Replying to @pcr910303 🎙

> Choose CHAR columns. (The CHAR format is a relic nowadays. Back then, MySQL was faster with CHAR columns. Ever since 2005, it’s not.)

Is this vs VARCHAR? To me this is fascinating if so, I'd love to see a link or benchmark. My understanding that reading a stripe off a drive, then chopping it up indiscriminately at known intervals is faster than conditionally branching for strings of other lengths

Reply


@PrimeDirective 12 days

Replying to @pcr910303 🎙

The author mentioned MariaDB in the intro and the went on about MySQL, not sure which he actually used.

I think the latest recommendation for MySQL was utf8mb4_0900_ai_ci and utf8mb4_general_ci for MariaDB.

While I agree about the Postgres recommendation, it's a non-starter in the PHP world, unless doing something from scratch. Even then, the support for MySQL/MariaDB is much better.

Reply


@iliketrains 12 days

Replying to @pcr910303 🎙

Fun story: When I was working at one of the FAANG companies, I have placed the (Night with stars, it does not seem to render here [0]) character in my preferred name. Some time later, I was notified by HR that I must change my preferred name and I can only use UTF-8 characters with maximum length of 3 bytes. I was quite confused why such specific demand, I am pretty sure it was exactly this issue. I replaced it with ᗧ···ᗣ···

[0] https://emojipedia.org/night-with-stars/

Reply


@brightball 12 days

Replying to @pcr910303 🎙

I just went through the process of converting a 2TB MySQL database over the summer. Quite a few gotchas along the way that make the process a huge pain.

Reply


@mwattsun 12 days

Replying to @pcr910303 🎙

Has anyone ever successfully converted a large legacy Apache/PHP/MySQL site to UTF-8? If so you deserve an award. utf8mb4 is just one issue and not the worst.

Reply


@OliverJones 12 days

Replying to @pcr910303 🎙

WordPress has, of course, the lion's share of MySQL deployments by server count if not by row count. Yes, WordPress isn't the latest and greatest stuff. Yes, it's <bad thing> and <another bad thing>. But such is the curse of the customer base.

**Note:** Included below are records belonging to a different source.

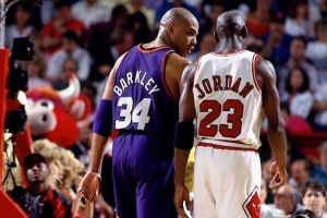 巴克利身高1.98米、體重114kg,喬丹身高1.98米、體重89kg。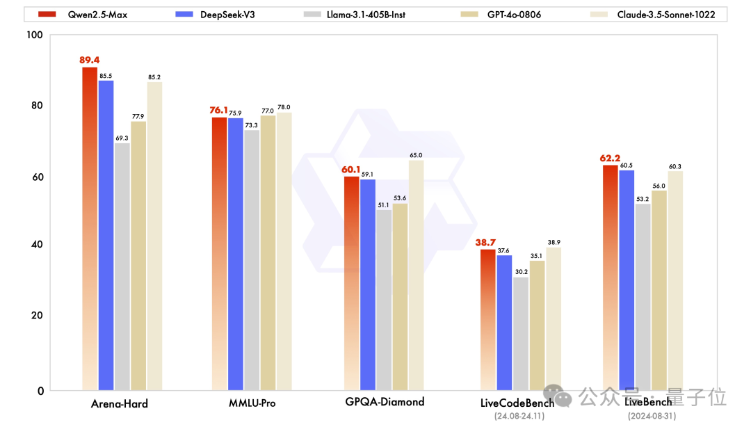 Arena-Hard、LiveBench、LiveCodeBench、GPQA-Diamond等基準統統拿下,Qwen2.5-Max整體表現優於DeepSeek V3、Llama-3.1-405B以及閉源模型GPT-4o,和Claude-3.5-Sonnet也能比一比。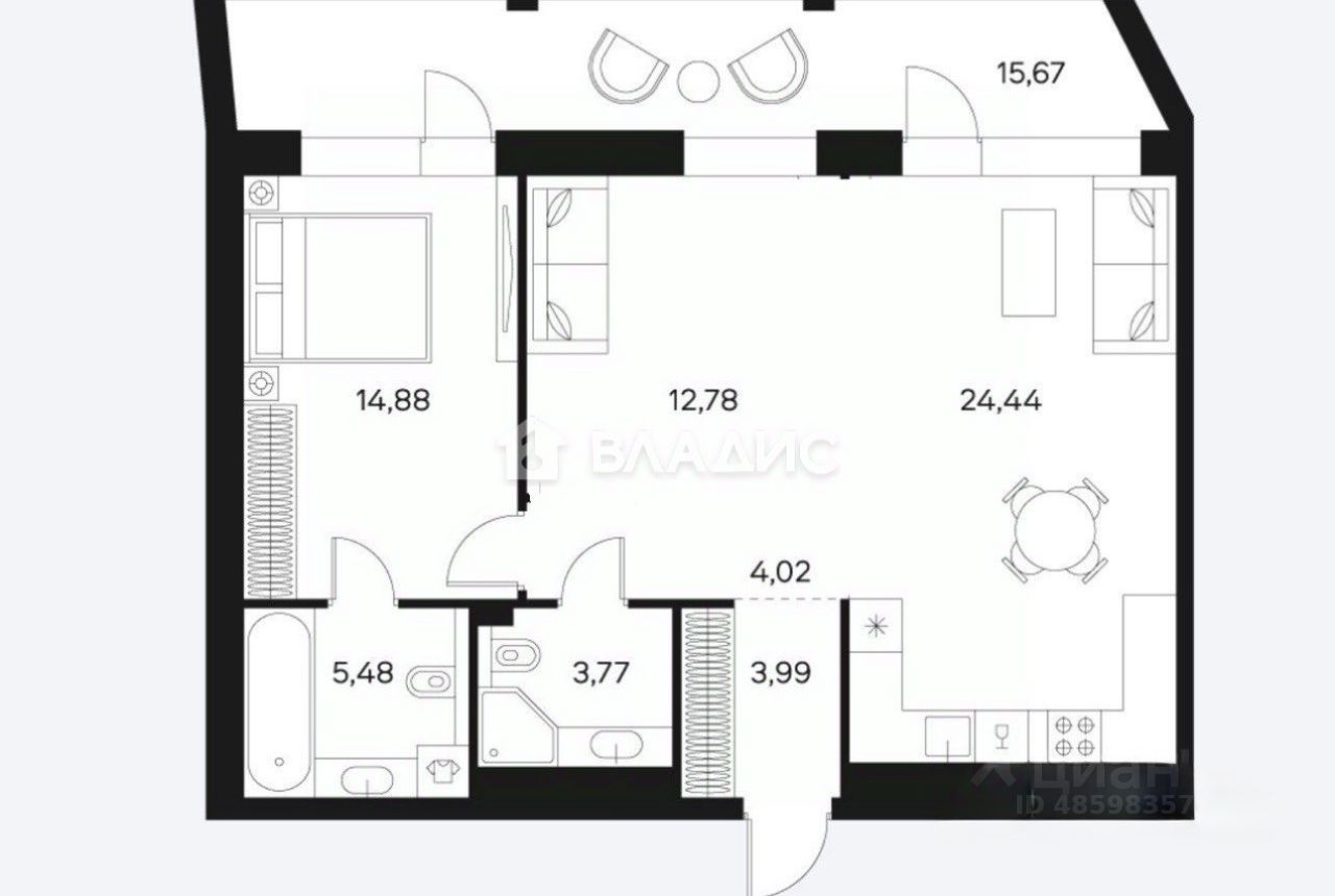 Общая площадь квартиры составляет 86 кв. м, жилая — 28 кв. м, площадь кухни — 25 кв. м. Изолированные комнаты обеспечивают комфорт и уединение.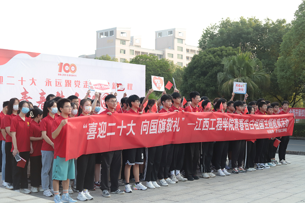 国庆华诞到来之际,江西工程学院举办了“喜迎二十大 向国旗敬礼”——青春告白祖国主题教育活动,通过升国旗、集体宣誓、合唱红歌、主题书画展的方式,表达当代师生爱党爱国、积极向上的精神风貌。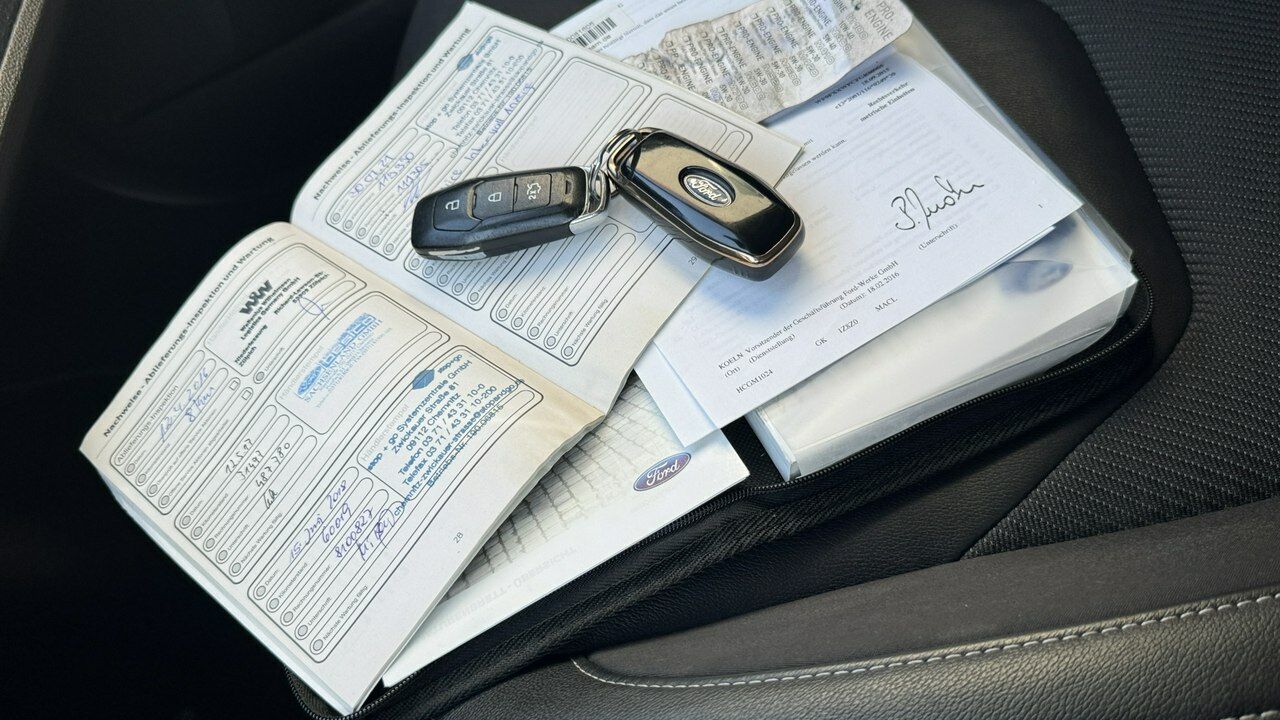 Książka serwisowa, niemieckie przeglądy TUV, faktury i rachunki z salonu.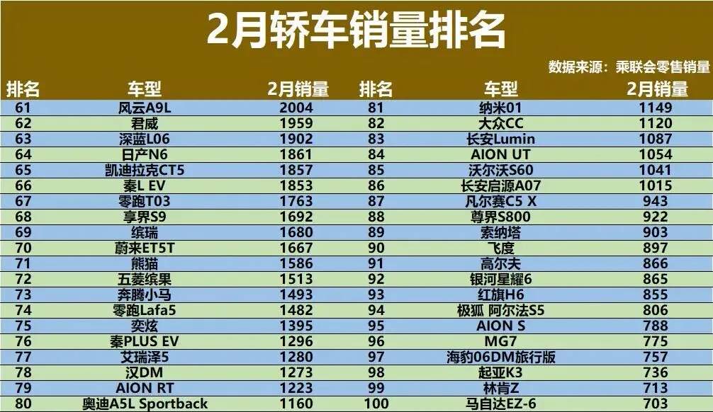 21到60名是车型最密集的区域。卡罗拉和亚洲龙分别卖出5000辆和4900多辆,但相比以往缩水明显。五菱宏光MINI EV卖了4866辆,还算稳。比亚迪秦PLUS DM和秦L DM合计贡献超8000辆,依然是走量主力。小鹏MONA M03和小鹏P7+分别卖出4373辆和2547辆,新势力在轿车领域逐渐找到感觉。享界S9T和firefly萤火虫这两张新面孔分别拿下2935辆和2645辆,市场接受度不错。传统燃油车中,君越、蒙迪欧、思域等都在2000到3000辆之间,维持着基本盘。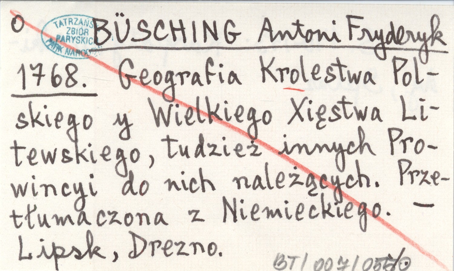 BÜSCHING Antoni Fryderyk 1768 Geografia Królestwa Polskiego y Wielkiego Xsięstwa Litewskiego, tudzież innych Prowincyi do nich należących. Przetłumaczona z Niemieckiego.

They upgraded everybody from utf8 to utf8mb4 (excluding some users of ancient versions of MySQL) with their version 4.2. It went live on April 23, 2015.

They announced the upgrade at the beginning of April 2015 here. https://make.wordpress.org/core/2015/04/02/the-utf8mb4-upgra... There's some interesting stuff in there about the practical difficulties of the upgrade. The biggest issue was, and still is, the need for prefix indexes.

With respect to Adam Hooper, his article was stale when it appeared just over a year after the WordPress schema upgrade. Here's right of course. But the biggest user base was well on their way to abandoning utfmb3 by that time.

Reply


@davidjfelix 12 days

Replying to @pcr910303 🎙

Does this even fully fix the problem? It looks like utf8mb4 is limited to 4 byte sequences, but as far as I understand, utf-8 is variable width. Can utf8mb4 even encode the scottish flag https://www.iemoji.com/view/emoji/2476/flags/scotland ?

Reply


@urbandw311er 12 days

Replying to @pcr910303 🎙

I enjoyed the article right up to the point where it concluded at the very end that the solution is to “switch to postgresql” without actually providing any rationale for that sudden and subjective ending.

Reply


@talos2110 12 days

Replying to @pcr910303 🎙

So in mysql utf8 does not mean utf8. Reminds me of iso8601 in php, which does not mean iso8601.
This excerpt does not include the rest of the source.